**ACTION ITEM**: Once the line holding "4、 把搅好的面糊倒进模具里" is found in the entries below, transcribe exactly every line up to and including the one holding "A 9CT. GOLD", but leave out the pictures.

**PROVIDED DATA**:
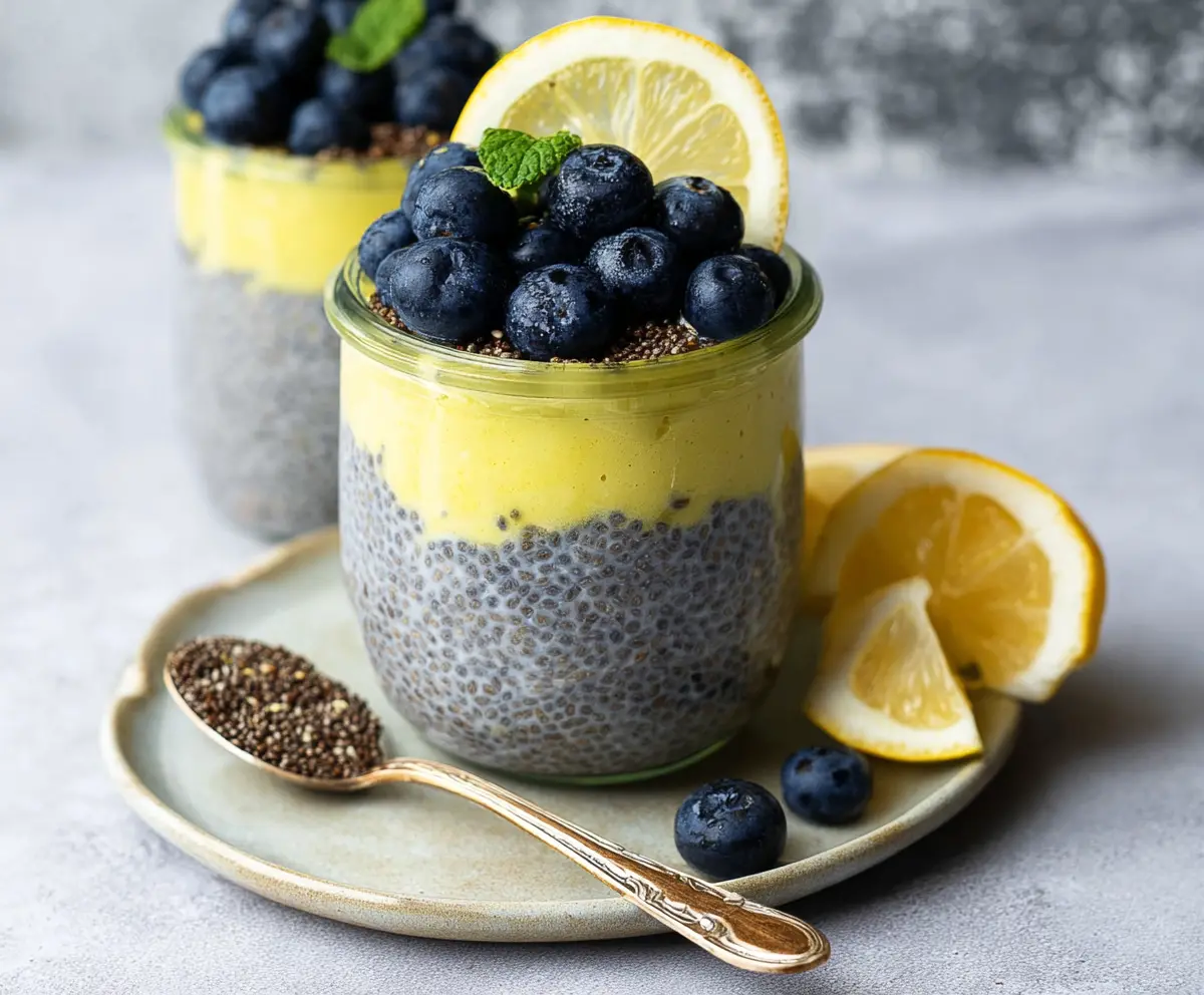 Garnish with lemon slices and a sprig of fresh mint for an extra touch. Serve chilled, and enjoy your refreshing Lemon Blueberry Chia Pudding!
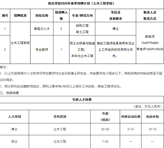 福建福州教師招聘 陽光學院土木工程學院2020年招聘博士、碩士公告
* * *
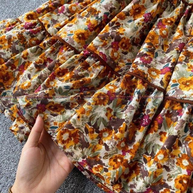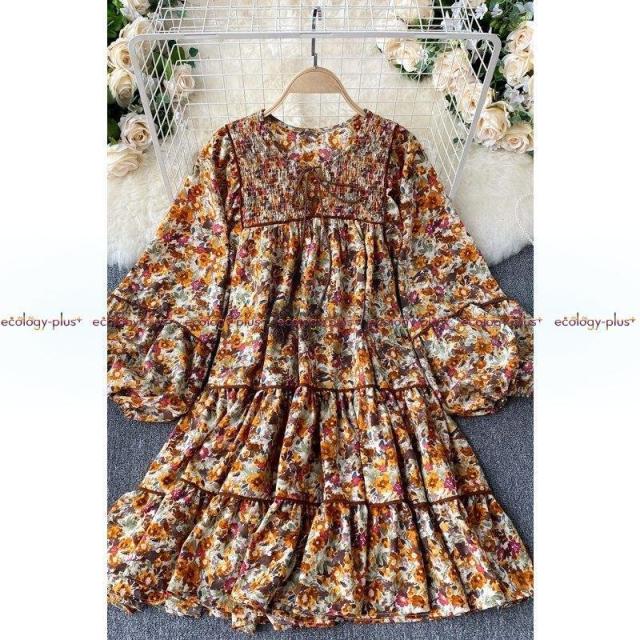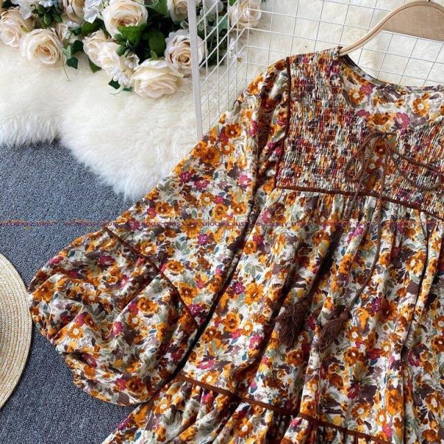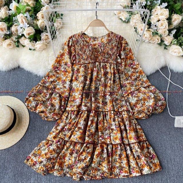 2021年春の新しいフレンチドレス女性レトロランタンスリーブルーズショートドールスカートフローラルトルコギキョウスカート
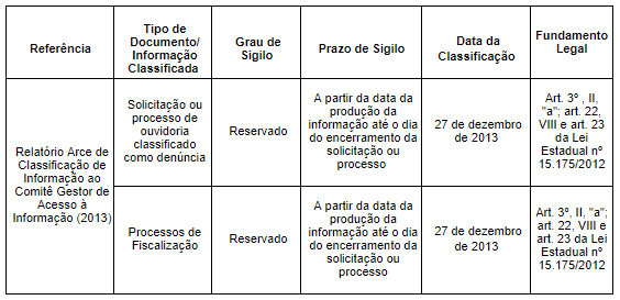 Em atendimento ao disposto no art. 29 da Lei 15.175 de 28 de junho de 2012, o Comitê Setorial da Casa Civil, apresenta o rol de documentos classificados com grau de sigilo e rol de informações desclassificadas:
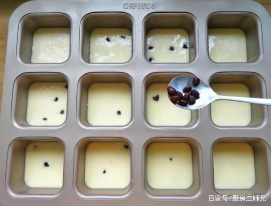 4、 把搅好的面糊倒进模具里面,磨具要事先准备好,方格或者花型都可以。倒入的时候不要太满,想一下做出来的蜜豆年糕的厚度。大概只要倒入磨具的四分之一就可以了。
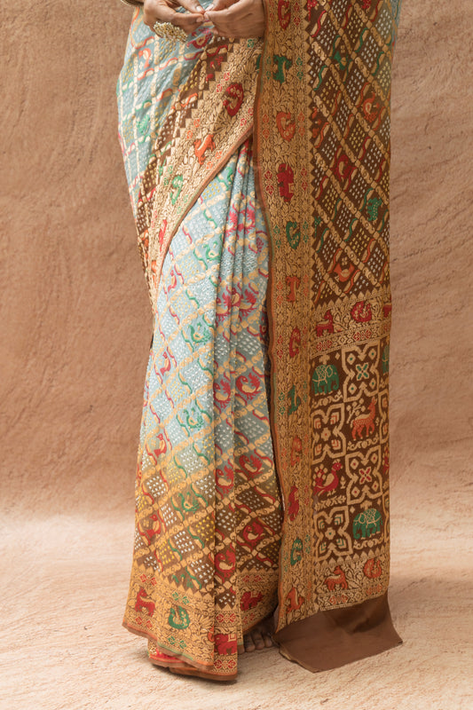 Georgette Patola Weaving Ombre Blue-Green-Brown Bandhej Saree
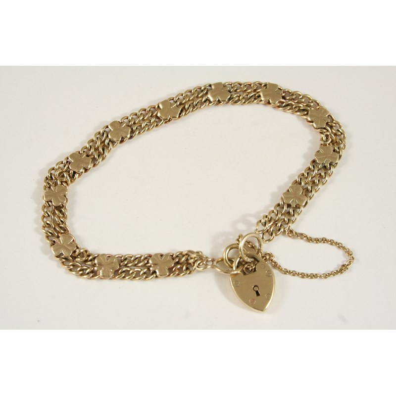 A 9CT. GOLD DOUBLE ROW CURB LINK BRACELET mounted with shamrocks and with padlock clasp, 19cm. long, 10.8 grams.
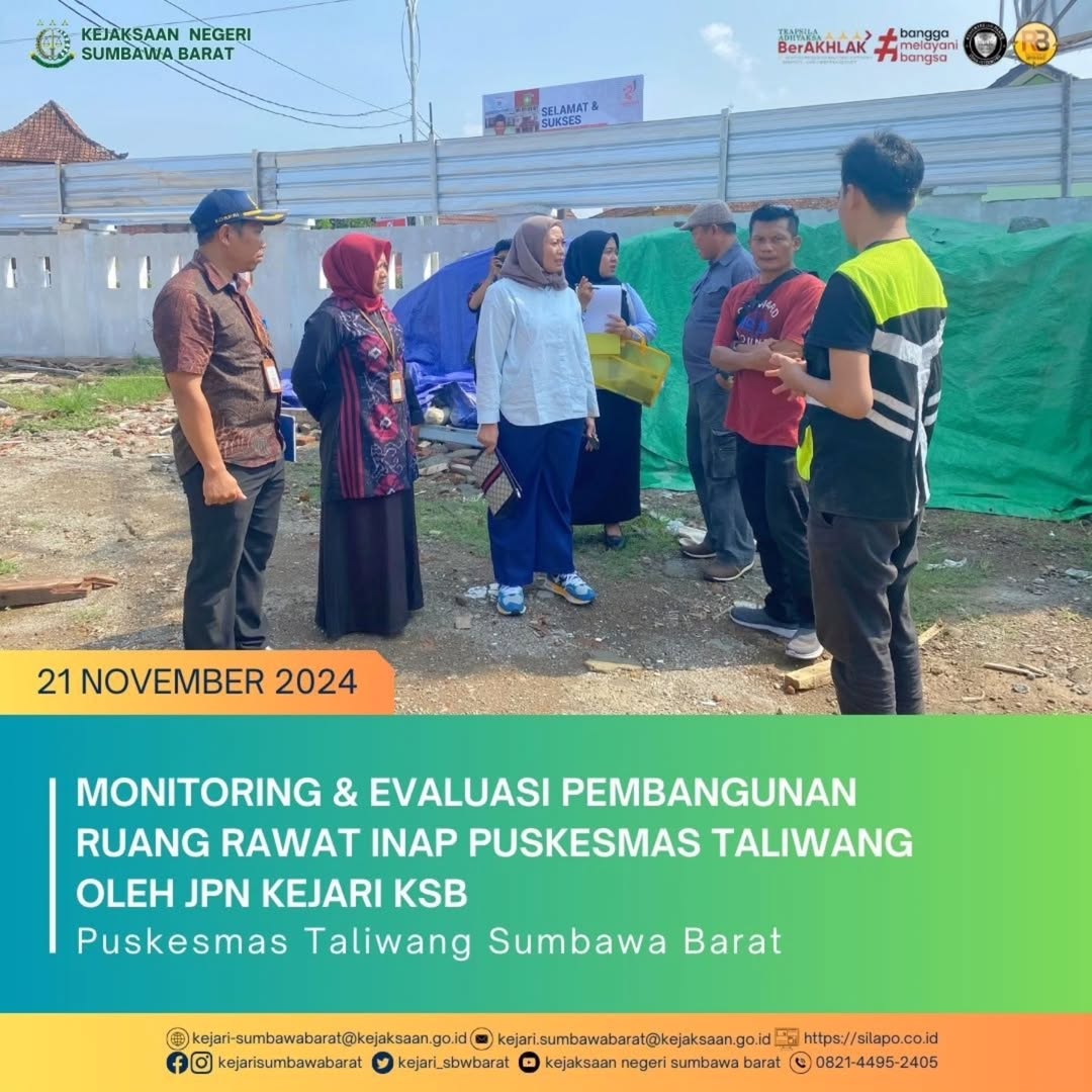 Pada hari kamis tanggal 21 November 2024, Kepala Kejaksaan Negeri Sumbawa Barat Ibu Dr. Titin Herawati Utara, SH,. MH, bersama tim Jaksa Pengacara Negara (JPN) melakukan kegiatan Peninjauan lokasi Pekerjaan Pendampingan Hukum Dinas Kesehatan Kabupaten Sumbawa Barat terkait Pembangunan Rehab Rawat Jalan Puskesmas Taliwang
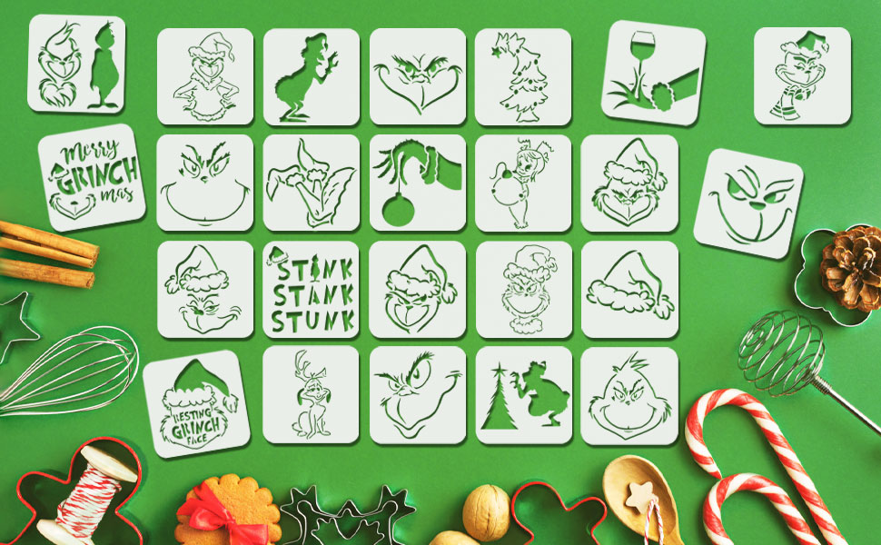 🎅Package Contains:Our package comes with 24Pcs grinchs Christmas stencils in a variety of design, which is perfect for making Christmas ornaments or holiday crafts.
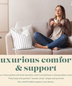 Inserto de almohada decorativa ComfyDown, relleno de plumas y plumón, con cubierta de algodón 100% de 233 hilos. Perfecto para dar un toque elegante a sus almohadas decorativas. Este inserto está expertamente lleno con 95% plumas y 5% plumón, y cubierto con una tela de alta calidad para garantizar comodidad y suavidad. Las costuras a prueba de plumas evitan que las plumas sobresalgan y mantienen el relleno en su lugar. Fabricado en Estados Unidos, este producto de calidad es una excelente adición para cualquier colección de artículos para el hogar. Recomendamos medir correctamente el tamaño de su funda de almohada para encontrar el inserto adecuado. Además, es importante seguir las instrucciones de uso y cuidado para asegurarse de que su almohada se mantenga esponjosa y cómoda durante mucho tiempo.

**RESPONSE**:
 4、 把搅好的面糊倒进模具里面,磨具要事先准备好,方格或者花型都可以。倒入的时候不要太满,想一下做出来的蜜豆年糕的厚度。大概只要倒入磨具的四分之一就可以了。
 Georgette Patola Weaving Ombre Blue-Green-Brown Bandhej Saree
 A 9CT. GOLD DOUBLE ROW CURB LINK BRACELET mounted with shamrocks and with padlock clasp, 19cm. long, 10.8 grams.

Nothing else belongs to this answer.